Increasing to 200 helped. What I couldn't achieve is some kind of graceful exit from the function. Paint might work ok after stopping flood fill prematurely but after exit from the program I see strange behaviour ranging from "stack underflow" to weird symbols or no text mode at all.

Vutshi avatar Apr 22 '25 21:04 Vutshi

Increasing to 200 helped.

I think that indicates that the internal stack that R_LineFloodFill keeps is part of, and probably all of, the problem.

after exit from the program I see strange behaviour ranging from "stack underflow" to weird symbols or no text mode at all.

Memory corruption for sure. Try increasing the stack to 400, or way more than that. I also think there's an off-by-one error in the stack push/pop function. Code the below, which fixes off-by-one and also will indicate when stack overflow is present:

static void FF_StackPush(transform2d_t stack[], int x, int y, int* top)
{
    if (*top < FLOOD_FILL_STACK - 1) { // <-- add "- 1" to fix off-by-one
        (*top)++;
        stack[*top].x = x;
        stack[*top].y = y;
    } else __dprintf("stack overflow at %d\n", *top); // <-- display stack overflow to QEMU console
}

Given that you have many circles, all with different x,y points along their circumference, I'm thinking that filling your "More colors for the glory of ELKS Paint!" is actually running the flood fill routine in worst case!

ghaerr avatar Apr 23 '25 02:04 ghaerr

I've spent a fair bit of time exploring various flood fill algorithms. The effort paid off: I achieved a 3× speed improvement.
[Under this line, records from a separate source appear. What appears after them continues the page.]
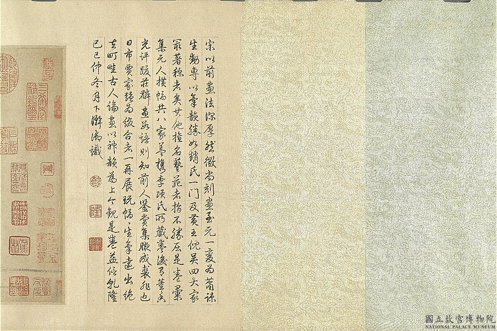 此卷匯集八位元人作品,均屬元代活動於江南地區之畫家,合成一卷十分難得。 畫卷前兩作歸入趙孟頫、管道昇畫作。第三段倪瓚〈安處齋圖〉是其少見橫幅山水構圖,巧妙表現其一河兩岸特色。吳鎮〈中山圖〉渾圓山體延續又有墨色變化,充分顯示其筆墨淋漓的山水特色。馬琬〈春山清霽〉採黃公望風格,筆墨點染更為繁複而別具風貌。趙原〈陸羽烹茶圖〉以唐代品茶名家陸羽為題,構成一處由山水環繞的品茶理想空間,近景用趙孟頫發展出的李郭風格,遠山則兼採董巨傳統,顯示其精采綜合畫風。最後為林卷阿、莊麟之作,傳世罕見。 其中倪瓚、吳鎮兩人之作為其較少見之橫卷形式,十分難得。另外馬琬、趙原、林卷阿等人的山水橫卷現存作品稀少,本卷所見者均屬極精善之作,實屬難得佳作。
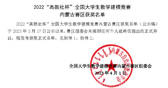 近日,数学建模内蒙古赛区组委会和内蒙古数学学会公布了2022“高教社杯”全国老员工数学建模竞赛成绩,公司学子在数学建模竞赛中取得佳绩。2022年度,公司共培训选派29支参赛队伍,其中,获得内蒙古赛区一等奖2项,赛区二等奖8项,赛区三等奖8项。
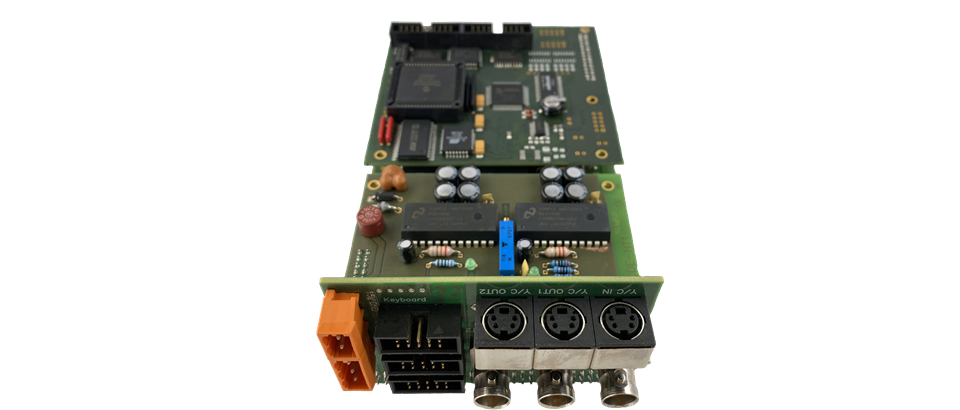 Mit der Option PCI wird das Einplatinen-Farb-DE µCDE zu einer kompakten Steckbaugruppe für Computer mit PCI-Slots. Hierbei erfolgt über den PCI-Bus lediglich die Versorgng der DE, alle Schnittstellen, der Inkremental-Enkoder-Eingang und Video In/Out stehen an den Slotblechen zur Verfügung. Die Baugruppe belegt zwei Steckplätze.
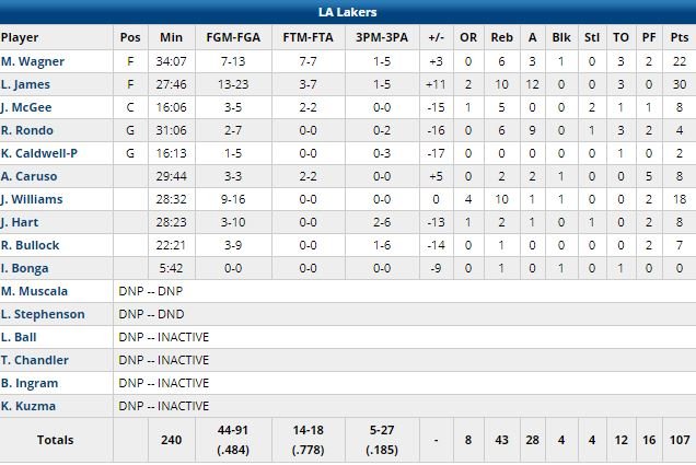 Sans trois de leurs titulaires habituels (Ball, Ingram et Kuzma), les Lakers (5ème défaite consécutive et 9ème en 11 rencontres) ont vu LeBron James signer son 80ème triple-double en carrière (30 points à 13/23, 10 rebonds, 12 passes) et son 7ème cette saison mais mis à part Moritz Wagner (22 points, 6 rebonds, 3 passes) et Johnathan Williams (18 points, 10 rebonds) aucun autre de ses coéquipiers n’a passé la barre des 10 points.
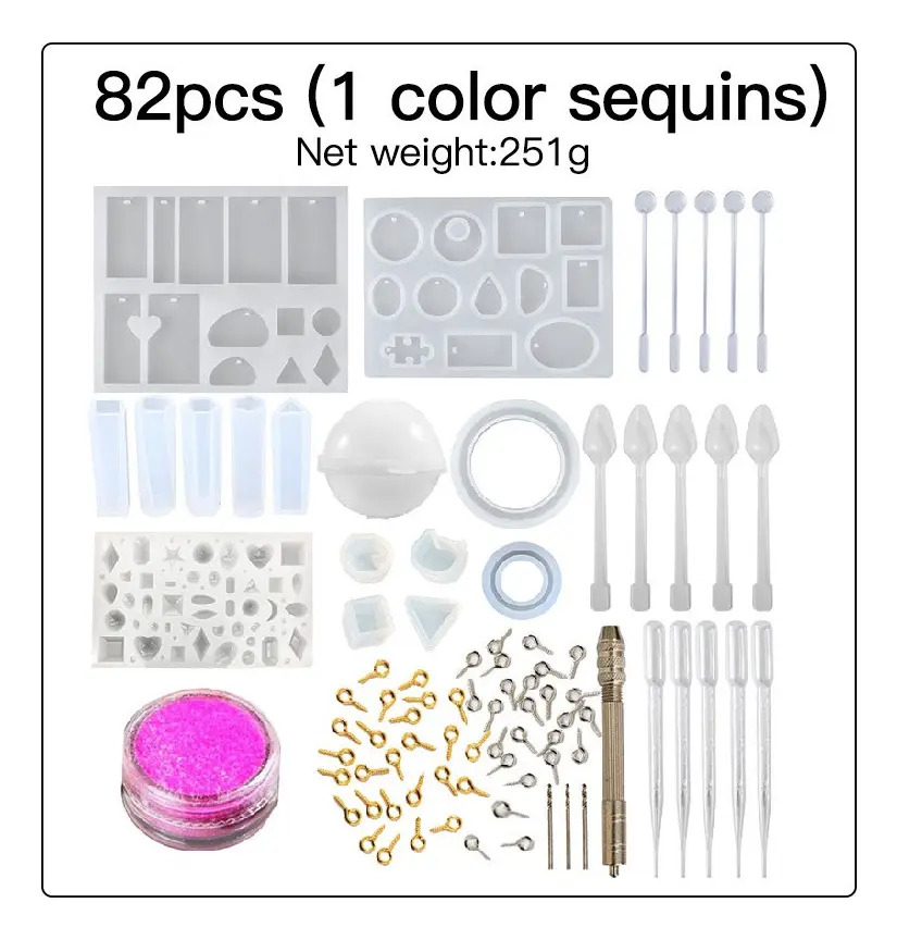 Kit Molde Silicona Resina Uv Inicio Collar Llavero Aros 82pc

Benchmark of the original R_LineFloodFill in MartyPC:

time paint
Real    3m6.030s

https://github.com/user-attachments/assets/78a50976-1cce-4dbb-9d46-91a55420669e

To improve performance, I experimented with SeedFill.c from Graphics Gems, which brought the time down to 1m22.03s. Another algorithm from the same source, using a smaller stack, gave 1m25.32s. Eventually, I settled on the Front_Fill, which employs a tricky stack structure and allows for filling entire segments with drawhline.

The new R_FrontFill:

time paint
Real    1m5.650s

it also looks pretty good:

https://github.com/user-attachments/assets/5c02e7a9-f8d9-43d8-967b-3f1721ade2c0

That said, MS Paint remains a flood fill beast, still about 2× faster than my current implementation:

https://github.com/user-attachments/assets/b2ac3d8f-7227-4ffb-8414-eb77e44eece0

At this point, I suspect that readpixel might be the current bottleneck.
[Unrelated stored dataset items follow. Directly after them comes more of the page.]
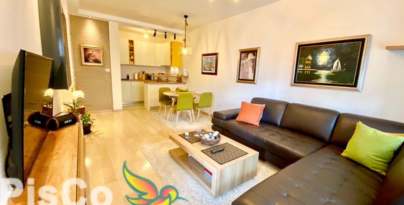 The apartment is located on the fifth floor of a newly built building with an elevator. The apartment is equipped with brand new things and looks very luxurious . The apartment itself leaves a very strong impression and we are sure you will like it. The structure of the apartment is such that the living room is very spacious and it is connected to the kitchen and dining room. The living room is equipped with comfortable furniture and a new plasma TV, and the kitchen has a beautiful built-in kitchen that fits perfectly into the interior of the apartment. There is one bedroom whose space is filled by a double bed . The apartment is air-conditioned.
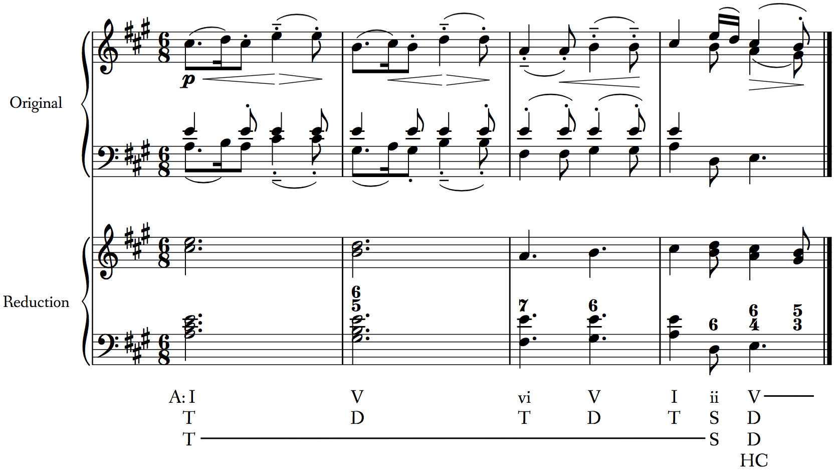 The following excerpt is from Mozart’s Piano Sonata in A Major, K. 331, I., mm. 1–4, with a harmonic reduction and analysis provided below the original score. Such an analysis is called an interpreted harmonic analysis, because the harmonies are interpreted according to the way they behave in the phrase, rather than merely labeled. In this phrase, note the following:
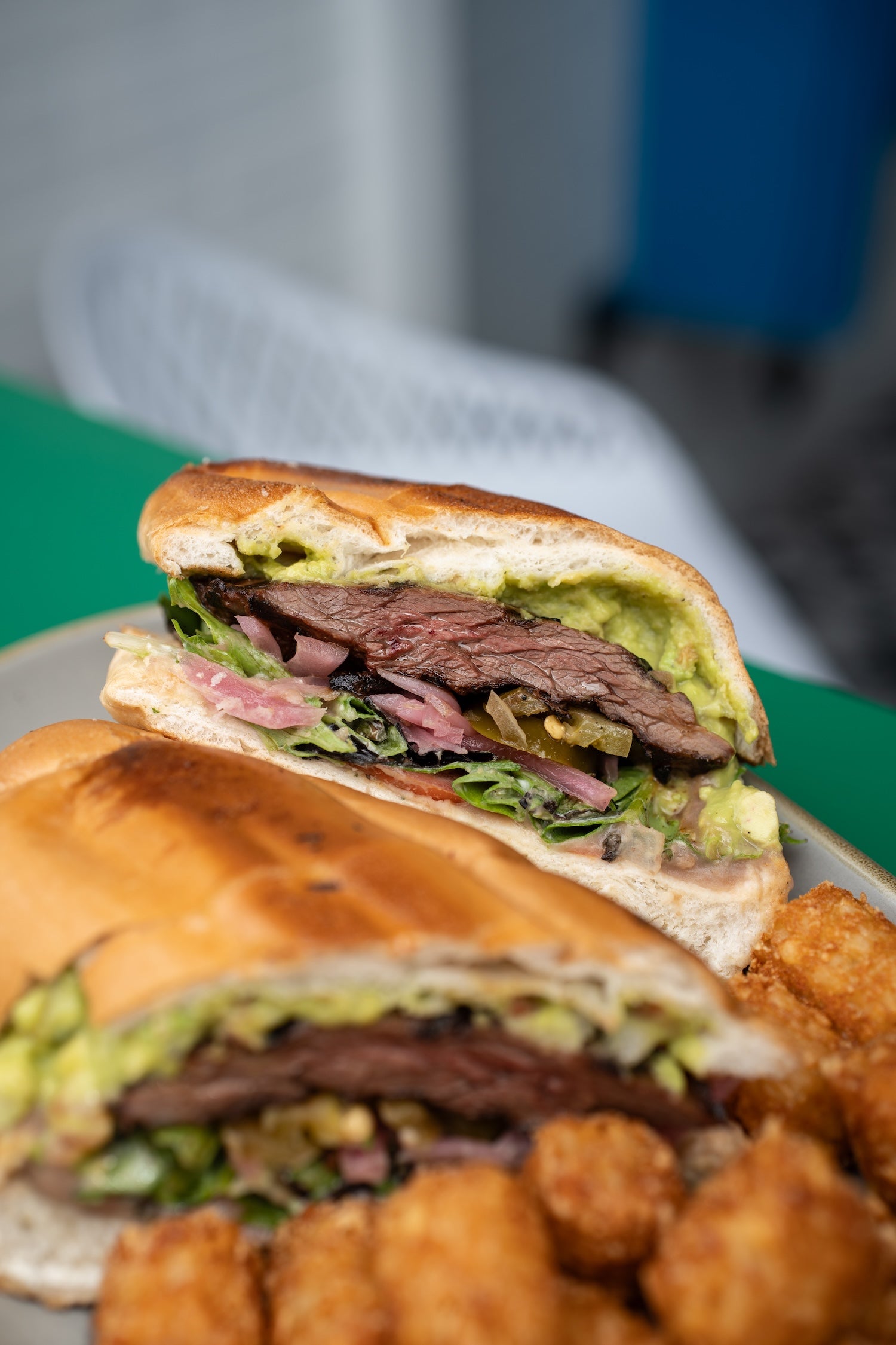 Mexican steak sandwich, refried pork beans, guacamole, tomato, spring mix, habanero mayo
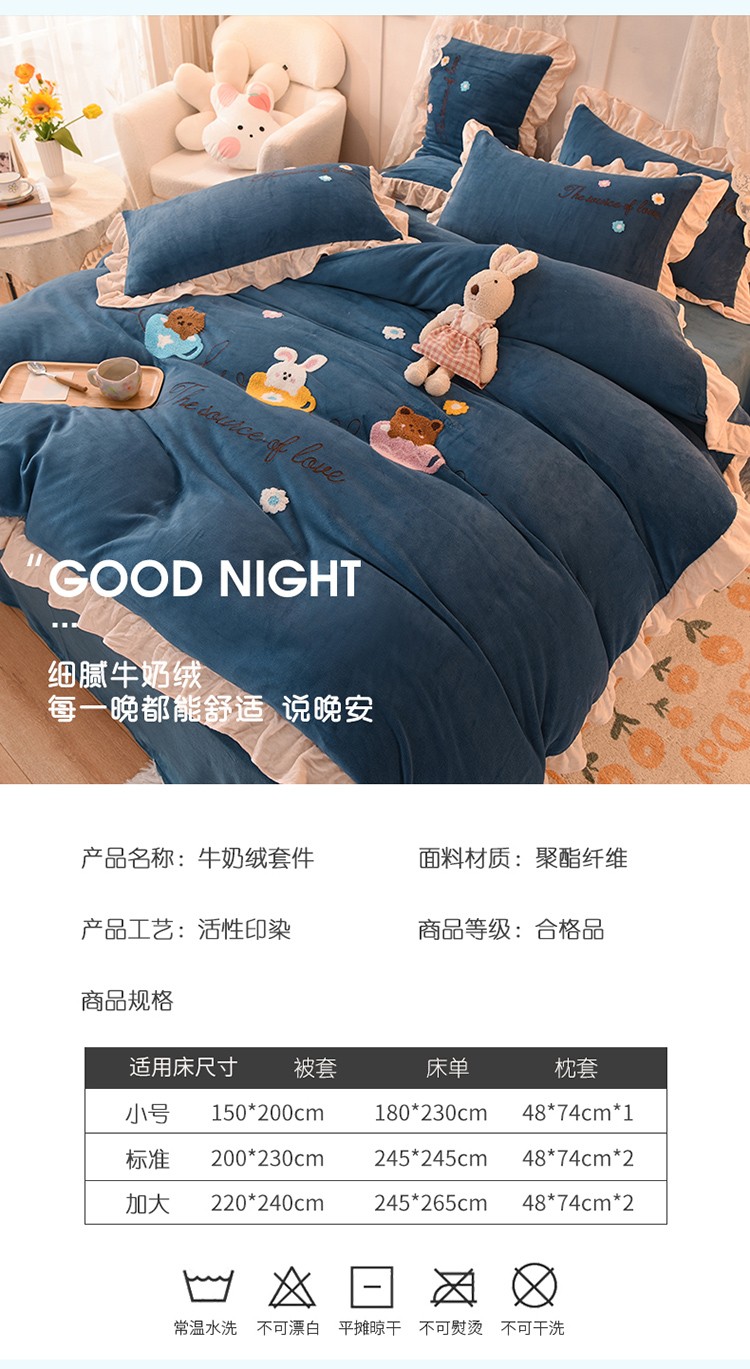 商品名称:大米家居2023新款卡通毛巾绣牛奶绒宝宝绒四件套格林兄弟海蓝

Vutshi avatar May 02 '25 13:05 Vutshi

Very nice @Vutshi, you're showing a mastery of some cool graphics algorithms! That's a great improvement 3x the original. Is the FrontFill PDF paper available anywhere? The link you sent wants an account and purchase to read it.

I suspect that readpixel might be the current bottleneck.

Well, readpixel has to loop through each of four planes to get the pixel color, of which I'm not sure we can get around. But looking at vga-ia16.S::readpixel, it seems that lots of time is spent calculating the video buffer offset in BX from the passed X an Y parameters:

        mov     arg1+2(%bp), %ax// AX := y
        mov     arg1(%bp), %bx  // BX := x
        shl     $1, %ax         // AX := [y * 80] (= y*64 + y*16)
        shl     $1, %ax
        shl     $1, %ax
        shl     $1, %ax
        mov     %ax, %dx
        shl     $1, %dx
        shl     $1, %dx
        add     %dx, %ax

        mov     %bl, %cl        // save low order column bits
        shr     $1, %bx         // BX := [x / 8]
        shr     $1, %bx
        shr     $1, %bx
        add     %ax, %bx        // BX := [y * BYTESPERLN] + [x / 8]

That's a lot of code duplicated every readpixel, just to get the video offset in BX. (BTW, drawpixel does the same thing). If we could track the video buffer offset (address) separately in render.c, then both readpixel and drawpixel would get sped up by quite a bit. What we'd want would be something like readpixel_offset(unsigned offset) instead.

This would require some recoding of the flood fill algorithm to keep an offset instead of tracking X, Y separately. What do you think?

Another idea would be to use rewrite readpixel as a macro which would try to get rid of the CALL/PUSH BP/POP BP/RET etc, which would likely speed things up, which would basically insert the whole routine into every call to read/drawpixel. We could call that readpixel_fast etc so as to not have to inline everywhere.

I can write the macros or special functions depending on what you think would be best.

ghaerr avatar May 02 '25 16:05 ghaerr

Is the FrontFill PDF paper available anywhere?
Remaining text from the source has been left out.